Metadata-Version: 2.4
Name: traxgen
Version: 0.1.4
Summary: Trajectory ground truth generator for agentic frameworks
Author: anonymous
Author-email: 
Requires-Python: >=3.8
Description-Content-Type: text/markdown
License-File: LICENSE
Requires-Dist: networkx>=2.8
Requires-Dist: matplotlib>=3.5
Requires-Dist: seaborn>=0.11
Requires-Dist: pydantic>=1.10
Dynamic: author
Dynamic: description
Dynamic: description-content-type
Dynamic: license-file
Dynamic: requires-dist
Dynamic: requires-python
Dynamic: summary

# Traxgen

**Traxgen** is a Python package for generating synthetic multi-agent trajectories for simulation, research, and evaluation purposes.

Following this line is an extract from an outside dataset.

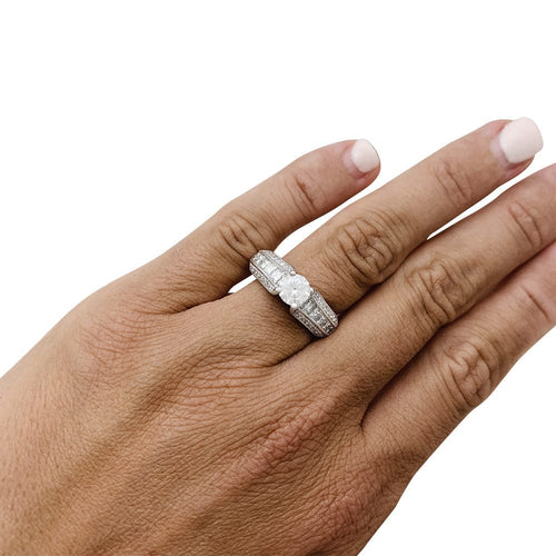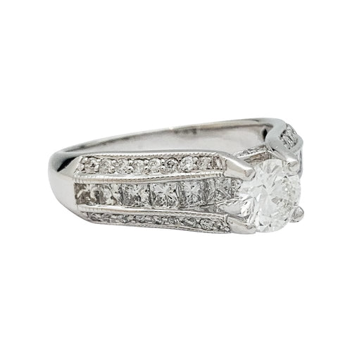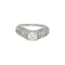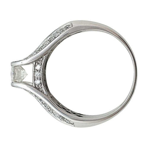 A 750/000 white gold ring centered on a brilliant-cut diamond of 0.70 carat, color G and purity SI 2 raised by four prongs, supported by lines of princess-cut and brilliant-cut diamonds.

It provides a modular framework to configure agent behaviors, environments, and export formats, making it suitable for academia and industry alike.


## Table of Contents

- [Introduction](#introduction)
- [Features](#features)
- [Installation](#installation)
- [Usage](#usage)
- [Trajectory Types Support](#trajectory-types-support)
  - [Traxgen Style](#traxgen-style)
  - [Tool Only](#tool-only)
  - [Google Style](#google-style)
  - [LangChain Tool Style](#langchain-tool-style)
- [Main Functions](#main-functions)
  - [generate_trajectories](#generate_trajectories)
  - [get_required_fields](#get_required_fieldsroutine_data)
  - [generate_field_template](#generate_field_templaterequired_fields)
  - [generate_user_profiles](#generate_user_profiles)
- [Example Inputs](#example-inputs)
  - [customer_data](#customer_data)
  - [routine_data](#routine_data)
- [Routine JSON Files Explained](#routine-json-files-explained)
  - [Agent](#agent)
  - [Steps](#steps)
  - [Soft Ordering](#soft-ordering)
  - [Conditionals](#conditionals)
  - [Operators](#Supported-Operators)
  - [Actions](#Common-Actions-in-Conditionals)
  - [Example of a Full Routine](#example-of-a-full-routine)
- [License](#license)

---

## Introduction

Traxgen simplifies the creation of realistic agent-based trajectories by allowing users to define detailed workflows and behaviors. Whether you are simulating customer support interactions, logistics flows, or other multi-agent scenarios, Traxgen ensures reproducibility and flexibility.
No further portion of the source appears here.